――中国の対日戦略と、自立を失った日本の対中外交――
はじめに:メディアの矮小化された報道への異議
戦時中に日本へ強制連行されたとする中国人被害者の遺族ら50人が、日本企業6社を相手取り、損害賠償や謝罪広告を求める訴状を中国・河北省の裁判所に提起した。
日本の大手メディアは、原告支援者が「高市総理の台湾に関する答弁に危機感を抱えた」と語った点ばかりを切り取り、目先の政権に対する牽制や一時的な外交圧力という極めて矮小化された構図で報じている。しかし、司法が共産党指導部の統制下にある国において、この種の訴訟を単なる「個別政権へのリアクション」と片付けるのは、あまりに表層的な見方に過ぎない。
https://www.youtube.com/watch?v=4QTmLetJxsQ
1.民間訴訟の仮面を被った中国の「長期法律戦」
この裁判の本質は、折に触れて歴史カードを切ることで対日交渉力を握り続け、自国の「法律戦(心理戦・世論戦を含む三戦)」を着実に前進させるという長期的な対日国家戦略の一環である。政権批判はその発火点として利用された口実にすぎない。
日本政府は、1972年の日中共同声明によって賠償問題は国家間・個人を問わず「解決済み」との立場をとる。

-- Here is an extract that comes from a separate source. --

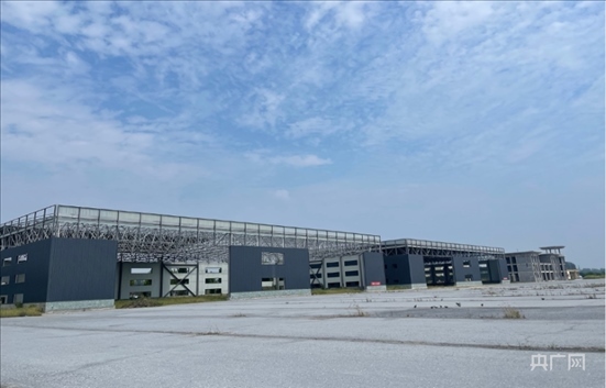 平輿通用機場,機場建筑外墻仍未粉刷,鋼架結(jié)構(gòu)的建筑內(nèi)長滿荒草。央廣網(wǎng) 圖

(補足参照)しかし中国側は、「国家の請求権を放棄しただけで個人の私権は消滅していない」という独自の解釈を保持し続け、自国の都合の良いタイミングでいつでも日本企業や日本政府を法廷闘争の標的にできる余地を残している。
そして1978年には、両国の法的基礎となる「日中平和友好条約」が日本の国会で承認・批准され正式に発効したが、その本文に「賠償」の直接の文言は置かれず、前文で「共同声明の諸原則の遵守」を確認するにとどめられた。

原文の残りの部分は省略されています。